Ms Braverman previously said demonstrations on 11 November would be an “affront to the British public” and called on police to ban it, despite organisers pledging to stay away from Whitehall and the Cenotaph and holding the march after commemorations planned for 11am take place.
And she went a step further on Thursday when she said the Met Police’s decision to allow the march to go ahead showed they were biased.
Her remarks have sparked a furious row with the Tory party, with Tory minister for London Paul Scully saying: “We’ve got to make sure that we concentrate on dampening things down rather than fuelling that sort of hatred and that division.”
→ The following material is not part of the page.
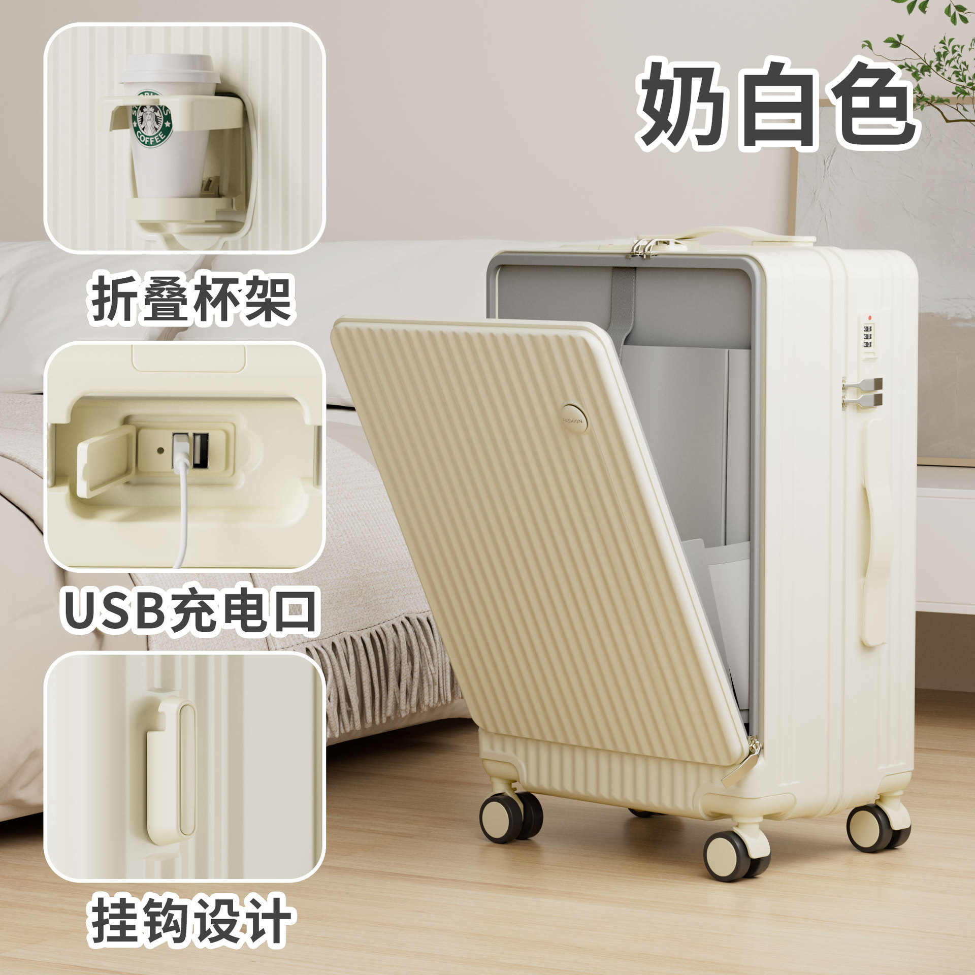 전면 개방 수하물 케이스 소스 공장 전면 개방 수하물 케이스 충전 수하물 케이스 워터 컵 홀더 가방스토어 가기

It is not the first time that Ms Braverman has come under fire for offensive comments about Muslim communities.
In April, a Muslim organisations across the country wrote to Rishi Sunak to express “deep concern” at what they branded “irresponsible and divisive rhetoric” regarding child sexual exploitation from the home secretary.
Ms Braverman has been no stranger to controversy in her time as a minister and her opponents have consistently accused her of employing “far-right” rhetoric and lacking “compassion” in her comments about asylum seekers, immigrants and multiculturalism.